Monthly Archives: January 2011
There are some things Europeans do better than anyone else on Earth; wheat beers, chocolate, shrugging, pogroms. Still, there are some skills that elude us, that simply escape our grasp despite our efforts to get a grip. One of these is undoubtedly Science Fiction movies. No trouble with writing it, in fact Europe can trace its SF back to (Greek speaking Syrian) Lucian of Samosata in 160 AD, it’s just the pesky on-screen variety that leaves us flummoxed. There are notable exceptions, of course; Fritz Lang (Dr Mabuse, Metropolis), Tarkovsky… but from the 1940s on the US has left us trailing in its wake.
Of course not all of it is our fault. For a start, SF is expensive to do. It tends to need lots of special effects, graphics, costumes, elaborate sets… and then Hollywood has set the bar incredibly high in terms of its production values and sheer pizazz. Avatar wouldn’t be funded by European banks. It takes Hollywood money to make those kind of films. Despite the drawbacks, some hardy souls have given it a go. There is a certain charm to these films. I have identified a number of sub-categories of this cheap and cheerful world of celluloid fun. I am not including Eastern Europe or Russia here (which I don’t know much about apart from Solaris) or the UK and Ireland.

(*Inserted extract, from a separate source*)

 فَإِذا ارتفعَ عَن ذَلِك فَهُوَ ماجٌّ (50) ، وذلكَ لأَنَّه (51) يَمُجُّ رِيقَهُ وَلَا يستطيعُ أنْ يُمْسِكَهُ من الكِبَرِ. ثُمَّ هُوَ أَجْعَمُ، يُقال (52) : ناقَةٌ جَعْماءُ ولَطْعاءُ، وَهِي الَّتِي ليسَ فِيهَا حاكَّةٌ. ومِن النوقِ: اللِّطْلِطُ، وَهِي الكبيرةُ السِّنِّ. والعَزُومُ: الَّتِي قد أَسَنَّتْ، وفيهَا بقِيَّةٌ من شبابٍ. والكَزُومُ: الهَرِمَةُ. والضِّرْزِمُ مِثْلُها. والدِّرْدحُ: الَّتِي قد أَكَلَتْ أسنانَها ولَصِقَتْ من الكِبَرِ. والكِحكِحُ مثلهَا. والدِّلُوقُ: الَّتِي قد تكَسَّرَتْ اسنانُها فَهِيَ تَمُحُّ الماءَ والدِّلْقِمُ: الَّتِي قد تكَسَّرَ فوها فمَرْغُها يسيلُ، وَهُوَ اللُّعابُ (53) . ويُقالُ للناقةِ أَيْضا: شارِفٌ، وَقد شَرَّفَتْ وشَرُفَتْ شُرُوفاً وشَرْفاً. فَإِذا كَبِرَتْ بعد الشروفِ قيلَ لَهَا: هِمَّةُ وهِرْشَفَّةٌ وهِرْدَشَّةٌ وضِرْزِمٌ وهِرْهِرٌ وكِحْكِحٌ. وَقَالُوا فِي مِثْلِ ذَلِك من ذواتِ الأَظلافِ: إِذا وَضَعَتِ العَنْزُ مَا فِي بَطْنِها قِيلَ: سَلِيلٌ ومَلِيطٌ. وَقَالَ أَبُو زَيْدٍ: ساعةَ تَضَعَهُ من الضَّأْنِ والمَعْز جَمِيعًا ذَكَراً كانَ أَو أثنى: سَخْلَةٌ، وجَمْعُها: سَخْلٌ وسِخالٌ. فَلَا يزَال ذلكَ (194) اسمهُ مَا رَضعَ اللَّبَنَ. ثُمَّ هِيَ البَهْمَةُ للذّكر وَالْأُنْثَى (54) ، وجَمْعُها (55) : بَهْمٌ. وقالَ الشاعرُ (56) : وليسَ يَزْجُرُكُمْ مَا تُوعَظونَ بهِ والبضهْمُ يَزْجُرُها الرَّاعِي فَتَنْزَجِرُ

Category 1: The Blatant Rip Off.
If you can’t afford to do your own special effects, steal them from other films. OK, so it’s not legal and will confine your oeuvre to your home market (if that), but you might shift enough units before Inspector Plod feels your collar for copyright infringements to make a few Lira. This is certainly the background to the classic rip-off movie, TURKISH STAR WARS, that steals all its effects from said Hollywood blockbuster (Thanks Garak, for introducing me to this).
Category 2: Quarry On.
The old Dr Who trick of having your action set in an open-cast mine can give you cheap authentic-looking settings for other planets and after-the-bomb scenarios. THE NEW BARBARIANS is a particularly ridiculous Italian variant of this. Post-apocalyptic humans race around in souped-up futuristic milk floats dripping with useless weaponry. The film is unintentionally hilarious and includes the funniest male-rape scene ever filmed.
Category 3: Europudding.
True Europudding is born from international cooperation. More than one country will fund it, there will be lots of red tape and quangos involved. Generally it will result in stolid, middle-brow product designed to satisfy all parties and offend no sensibilities. Usually it is confined to costume dramas and literary adaptations, very rarely, SF gets a look in. In this case, a German-led consortia did a reasonable job of adapting Poul Anderson’s novel THE HIGH CRUSADE. The English language version has cat-aliens with camp Scottish accents. Not bad at all!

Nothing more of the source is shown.